The Court of Appeal have upheld a ruling made by the Court of Protection refusing to allow journalists to identify a protected party at the centre of proceedings.
The case concerned RW, a 77 year old man with a diagnosis of end stage dementia. RW is fully dependent on others for all of his care and there is no treatment that can be provided other than palliative care to relieve the effect of his symptoms. RW had been in hospital, and upon being assessed as ready for discharge home, a disagreement developed between his adult sons and his doctors about the arrangements for discharge. His sons asserted that RW should be discharged home with a feeding tube in place, arguing that that is what he would want in order to live for as long as possible. The doctors did not consider that this treatment would be appropriate for an individual in RW’s condition, arguing that he should be allowed to “die with dignity”.

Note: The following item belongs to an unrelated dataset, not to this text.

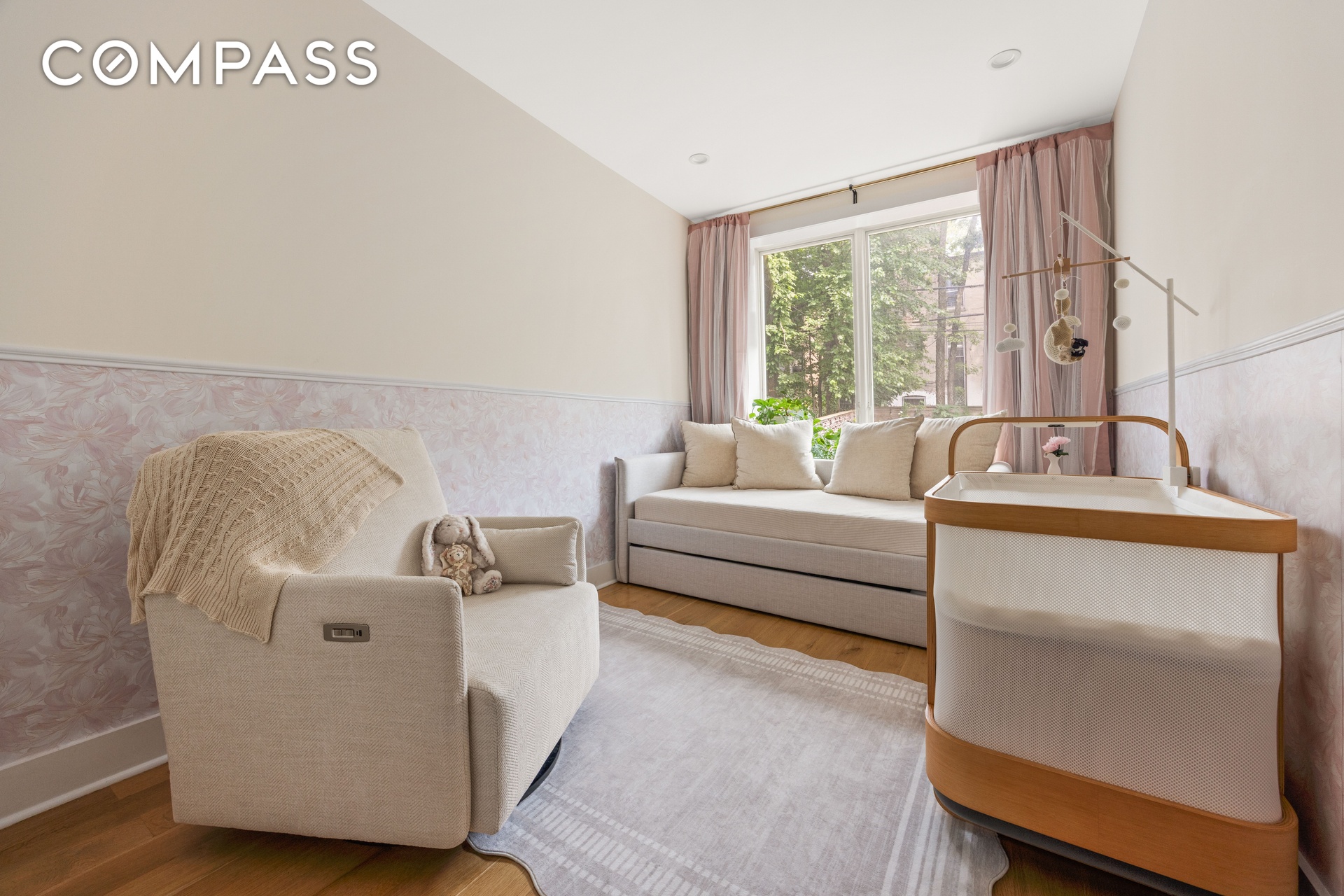 Upon entering, you are greeted by soaring ceilings, wide-plank oak floors, bathed in natural light. The dining area is framed by an elegant bay window overlooking tree-lined Bainbridge Street. Warm wood tones, soft neutral finishes, and thoughtful design elements create a serene, inviting atmosphere that flows seamlessly into the adjoining living space.

The relevant NHS Trust applied to the Court of Protection for approval of its plan to discharge RW without a feeding tube. The application was granted, and RW’s son applied to the Court of Appeal for permission to bring an appeal against this decision. The court unanimously concluded that a full appeal would not have a real prospect of success and that permission to appeal should accordingly be refused.
Significantly, the Court of Appeal addressed the issue of whether the full names of RW and his family could be reported in the media. The majority of cases heard within the Court of Protection are subject to a transparency order, which prevents the publication of any information identifying the individuals at the centre of the proceedings on the grounds that publicity would unfairly infringe on the human right to respect for private and family life.
RW’s sons argued that RW would want to be named, so that the nature of his condition could attract the widest possible publicity and stimulate proper debate about issues surrounding the care of end stage dementia sufferers. The Court of Appeal rejected this argument, determining that RW is a vulnerable adult and that his dignity and privacy should be protected at the end of his life. The court therefore concluded that the general public interest in the treatment of people receiving end-of-life care could be aired without the need to name RW, and that the transparency order should be maintained.
Lord Justice Jackson stated that “individuals and families coming before the Court of Protection in often extreme circumstances should not have the further worry that they are likely to be identified to the public at large”.
The case highlights the important role that the Court of Protection plays in ensuring that the human rights of vulnerable individuals are protected. Stephensons have a specialist team of Court of Protection solicitors covering cases nationwide and have the benefit of a legal aid contract (subject to eligibility). Should you require any assistance or advice on any matter which may relate to the Court of Protection or community care, please do not hesitate to contact us on 01616 966 229.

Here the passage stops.